En enero de 1936, cuando Laval fue apartado del poder en Francia, el mal ya estaba hecho. Después de la derrota de Francia ante la Alemania nazi, en 1940, Laval colaboró con los nazis. Condenado a muerte por alta traición, fue fusilado en el otoño de 1945, después de la derrota nazi.

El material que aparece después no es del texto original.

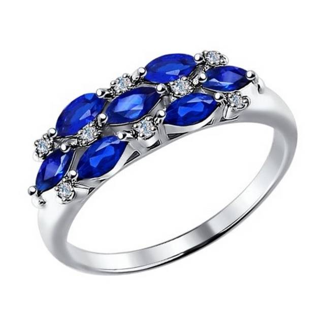 Кольцо из белого золота с бриллиантами и сапфирами (026273)

Los diplomáticos soviéticos también tenían conversaciones con Gran Bretaña para tratar de implementar un acercamiento entre los dos países. El objetivo era sentar las bases de una seguridad colectiva frente la Alemania nazi. También en este caso, esa política fue socavada, primeramente por la firma –en junio de 1935– de un acuerdo naval anglo-alemán. Era un acuerdo bilateral que autorizaba el rearme de la marina de guerra alemana. Aquel acuerdo sorprendió a franceses y soviéticos, que lo consideraron una traición británica. A principios de 1936, un nuevo ministro británico de Exteriores, Anthony Eden, puso fin al acercamiento entre británicos y soviéticos usando como pretexto la «propaganda comunista». Los diplomáticos soviéticos habían creído que Anthony Eden era «un amigo». Estaban equivocados.
A cada momento, Estados Unidos, Francia y Gran Bretaña interrumpían las discusiones que parecían prometedoras con la Unión Soviética. Sabiendo lo que hoy sabemos, ¿por qué harían los gobiernos de Estados Unidos, Francia y Gran Bretaña algo en apariencia tan extraño? Porque las élites gubernamentales estadounidenses, francesas y británicas estaban tan fuertemente influenciadas por el anticomunismo y la sovietofobia que no percibían la amenaza nazi. La mayoría de aquellas élites se mostraban más bien complacientes hacia Hitler. Veían el fascismo como un bastión que defendía el capitalismo contra la expansión del comunismo y el desarrollo de la influencia soviética en Europa.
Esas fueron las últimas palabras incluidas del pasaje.